The Transported Man in ‘The Prestige’ Is a Practical Spectacle
The primary conflict between magicians Alfred Borden (Bale) and Robert Angier (Jackman) lies in the secret of the Transported Man trick. Although Borden originated the act, Angier makes up his mind to steal it after witnessing it for himself. During the act, Borden introduces an ordinary rubber ball, but the ball really has nothing to do with the Transported Man. The real trick, as Borden continues to demonstrate, is how he moves from one set of doors to another, seemingly teleporting himself from one side of the stage to the opposite end. While Borden’s earlier tricks received a lukewarm reception, the Transported Man surprises everyone. “It was the greatest magic trick I’ve ever seen,” Angier admits.
John Cutter (Caine), a stagehand and engineer behind the scenes, proclaims, “The trick was too good, it was too simple.” But Angier refuses to call it simple. While Cutter comes to the conclusion that the Transported Man is only made possible by using a body double — that is, one man goes into one door while a different man steps out of the other — Angier thinks the trick has more to it. “This is a complex illusion,” he argues.
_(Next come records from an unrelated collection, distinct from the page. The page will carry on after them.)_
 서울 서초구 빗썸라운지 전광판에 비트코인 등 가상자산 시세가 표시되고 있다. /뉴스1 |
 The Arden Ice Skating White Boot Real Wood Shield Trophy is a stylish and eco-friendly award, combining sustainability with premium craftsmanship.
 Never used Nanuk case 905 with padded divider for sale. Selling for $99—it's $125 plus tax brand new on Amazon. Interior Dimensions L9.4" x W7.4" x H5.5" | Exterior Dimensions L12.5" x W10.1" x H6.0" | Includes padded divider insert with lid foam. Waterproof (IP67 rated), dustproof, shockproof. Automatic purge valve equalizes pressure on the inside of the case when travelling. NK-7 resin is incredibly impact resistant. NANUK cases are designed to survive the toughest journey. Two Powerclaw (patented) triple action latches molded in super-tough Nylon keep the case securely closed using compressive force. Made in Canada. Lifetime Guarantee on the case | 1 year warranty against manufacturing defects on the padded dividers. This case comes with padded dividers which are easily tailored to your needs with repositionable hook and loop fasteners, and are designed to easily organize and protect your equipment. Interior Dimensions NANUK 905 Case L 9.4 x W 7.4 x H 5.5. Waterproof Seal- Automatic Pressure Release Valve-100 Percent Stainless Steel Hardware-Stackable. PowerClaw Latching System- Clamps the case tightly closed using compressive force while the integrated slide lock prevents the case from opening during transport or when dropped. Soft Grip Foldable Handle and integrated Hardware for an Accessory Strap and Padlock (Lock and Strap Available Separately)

Olivia (Scarlett Johansson), his assistant, is also convinced it’s the same man, as she spots that Borden has the same injured fingers coming into one door as coming out the other. But without any other method, Angier decides to use a body double when he performs his own Transported Man act.
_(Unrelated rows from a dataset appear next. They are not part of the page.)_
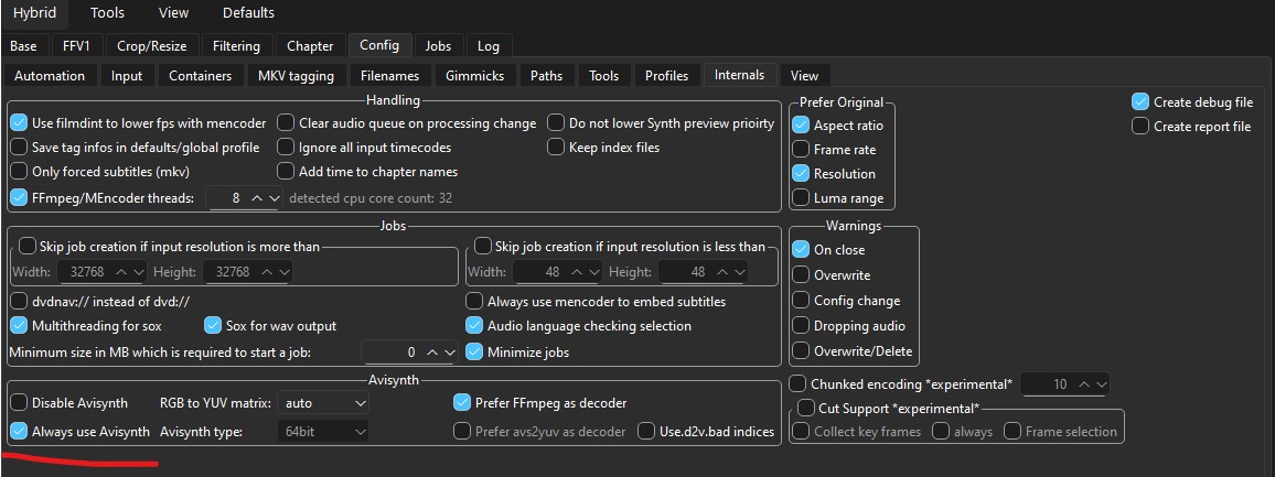 Prefer LWLibAVSource over FFmpegSource2: ON (or, if testing AVS: “Always use Avisynth” + AviSource)
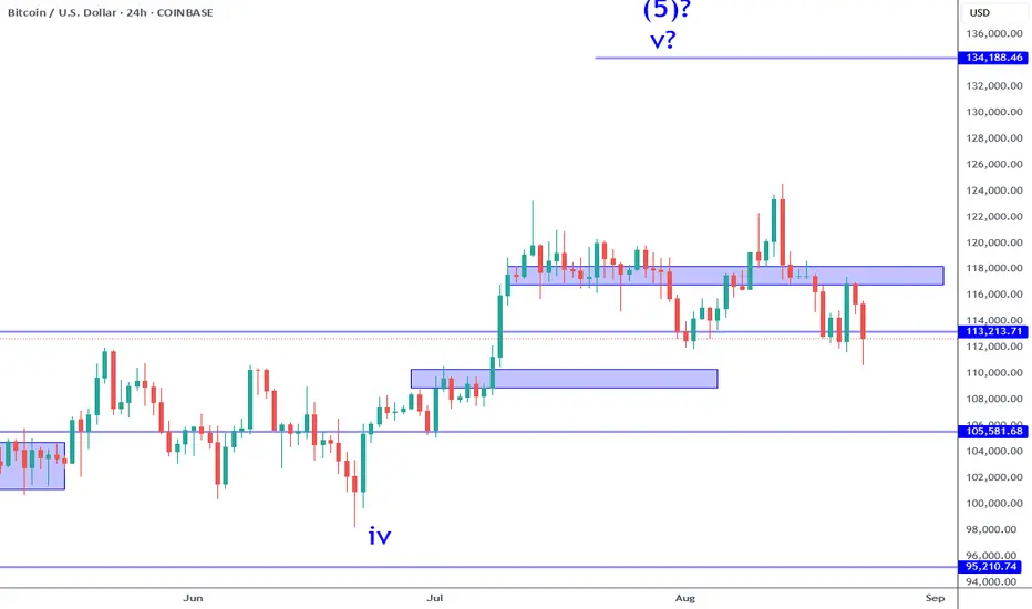 Bitcoin has just established a lower high in the 117K area. While this is a bearish sign for intraday time frames, the broader structure has yet to confirm a change. The change I am looking for is the price overlap of the 108K area. The 112 to 113 support area while some what broken, has not followed through yet. IF price stays in this range and manages to say above 108K, then this can still qualify as a wave 4. IF 108K breaks, then this confirms that the 5 wave structure is likely complete. If that's that case, the bigger picture outlook becomes more bearish.
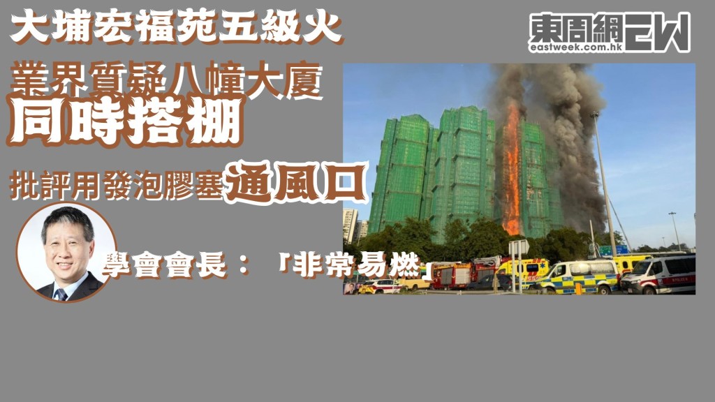 大埔宏福苑五級火 |業界質疑八幢大廈同時搭棚 批評用發泡膠塞通風口 學會會長:「非常易燃」
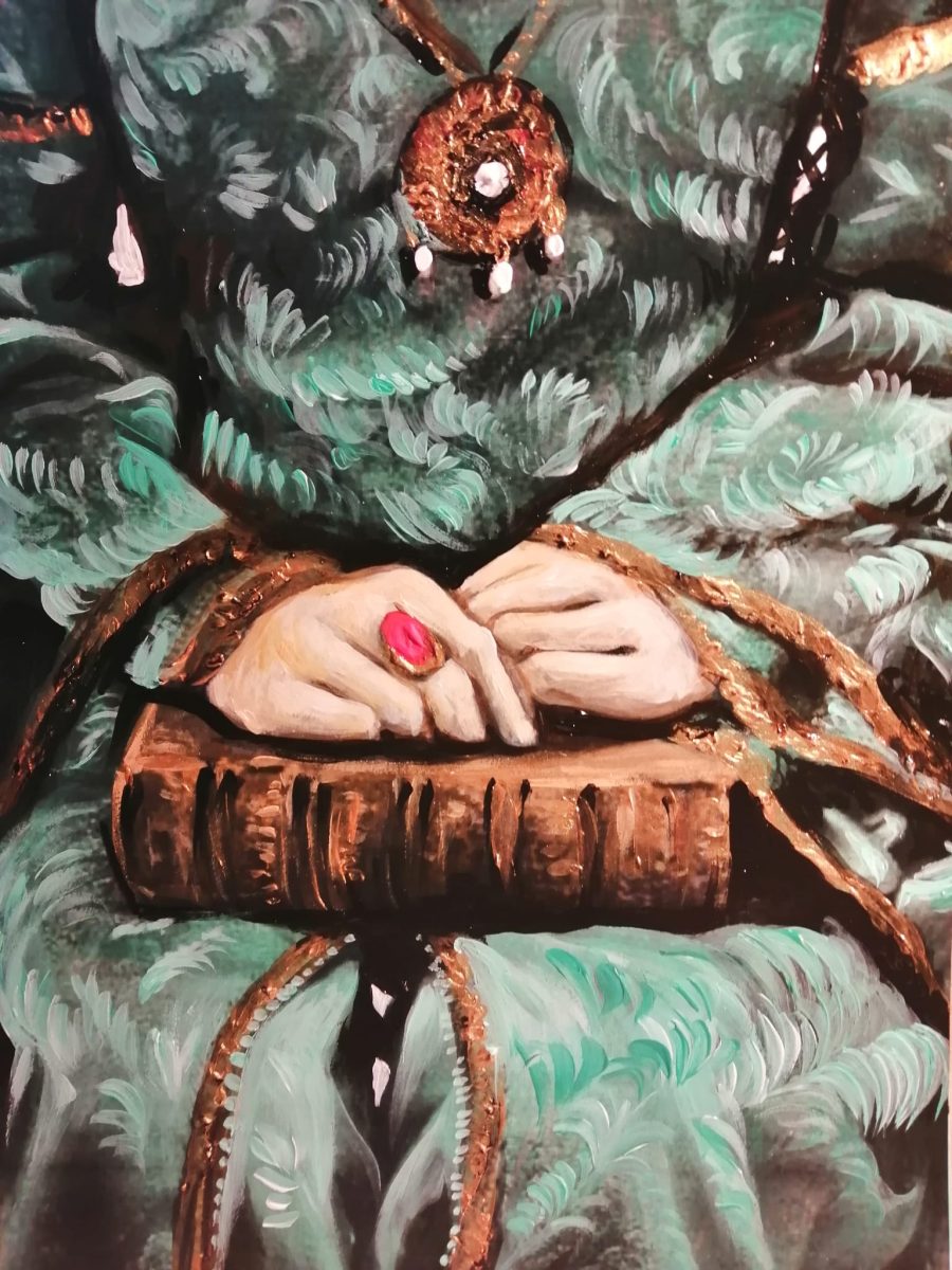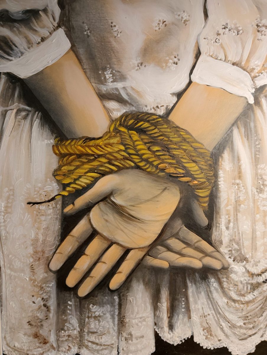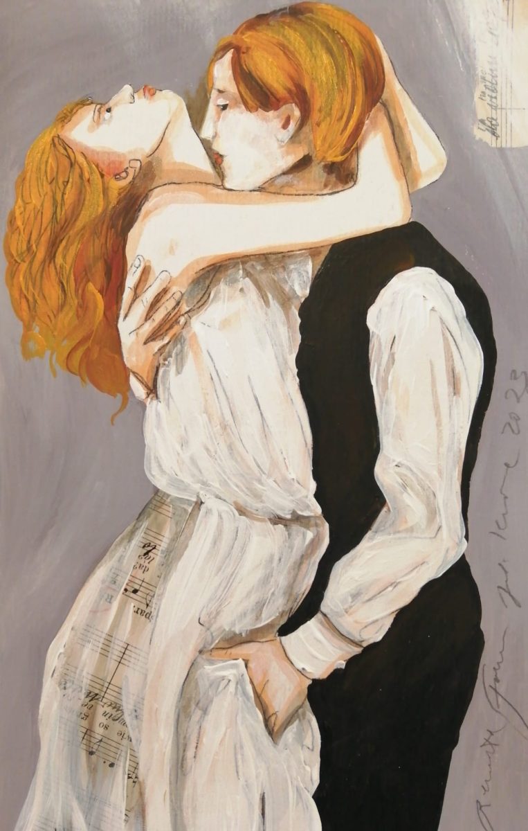 Često slikarica gradi kompozicije s delikatnim, odmjerenim motivima koji izviru iz trenutka, susreta, pogleda, dodira, osjećaja.

Angier, consumed by his vengeance and hubris, refuses to accept the truth that’s right in front of his eyes. At the end of the film, Borden reveals to Angier that he has been using a body double all along. His assistant Fallon has been wearing prosthetics and makeup to cover up his true face, one he shares with his twin brother Borden. Fallon is so committed to the trick that he severs the same fingers on his own hand that Borden has also lost. Of course, Angier finds this out too late. After he stole the Transported Man act, Angier enlisted the help of Nikola Tesla (David Bowie) to create a machine that would duplicate himself during every performance. The twist, however, is that the Angier that goes through the first door would be drowned in a tank underneath the stage while a new, duplicate Angier received the applause out the other door. It’s a dark twist that would weigh heavy on anyone, but for someone like Angier who is desperate to beat his rival, it is a small price to pay.
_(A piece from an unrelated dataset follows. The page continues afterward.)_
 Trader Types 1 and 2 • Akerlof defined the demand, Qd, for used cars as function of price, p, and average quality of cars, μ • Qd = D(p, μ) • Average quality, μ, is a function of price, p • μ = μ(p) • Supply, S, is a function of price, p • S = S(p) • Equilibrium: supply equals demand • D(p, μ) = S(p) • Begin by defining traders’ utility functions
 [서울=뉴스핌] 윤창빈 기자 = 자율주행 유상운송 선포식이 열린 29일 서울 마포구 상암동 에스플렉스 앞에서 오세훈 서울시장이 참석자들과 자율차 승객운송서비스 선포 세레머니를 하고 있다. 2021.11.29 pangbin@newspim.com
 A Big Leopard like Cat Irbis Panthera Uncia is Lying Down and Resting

In the end, Angier’s actions ultimately catch up to him. Although Borden is sentenced to death for crimes he didn’t commit, Fallon (his twin brother) enacts his own revenge, shooting Angier after the last performance of the Transported Man. While the last Angier bleeds out to death, the dead bodies of the other Angiers — the duplicates made by Tesla’s machine — are set aflame. Cutter had been right all along, the Transported Man is a simple trick. But Angier was so full of vengeance that he refused to see the trick for its simplicity. Instead, his search for a more spectacular method puts him on a dark path that ultimately led to his downfall.
Why Do Christopher Nolan’s Practical Effects Matter?
The lesson of The Prestige’s Transported Man act is that even the simplest, most practical spectacle can impress an audience. If someone is convinced that bigger is better or that the flashiest new technology is all that will please an audience, they are bound to run into problems. As Borden tells Angier, “You went halfway around the world, you spent a fortune, you did terrible things — really terrible things, Robert, and all for nothing.” Perhaps studios and filmmakers can learn from The Prestige.
This summer especially has shown how movies with the biggest budgets don’t necessarily garner the most attention from audiences. The long-in-development DC film set to restart the franchise universe The Flash was touted by many, such as DC Studious Co-Chair James Gunn, as one of the best comic book movies of all time. But even with Tom Cruise’s endorsement, The Flash will go down as a financial failure for Warner Bros. The return of Harrison Ford in Indiana Jones and the Dial of Destiny was also a disappointment for Disney and Lucasfilm. Both these films rely quite heavily on CGI and special effects, fueled by enormous budgets. But even the flashiness of nostalgia couldn’t attract enough moviegoers to watch these films in the theaters.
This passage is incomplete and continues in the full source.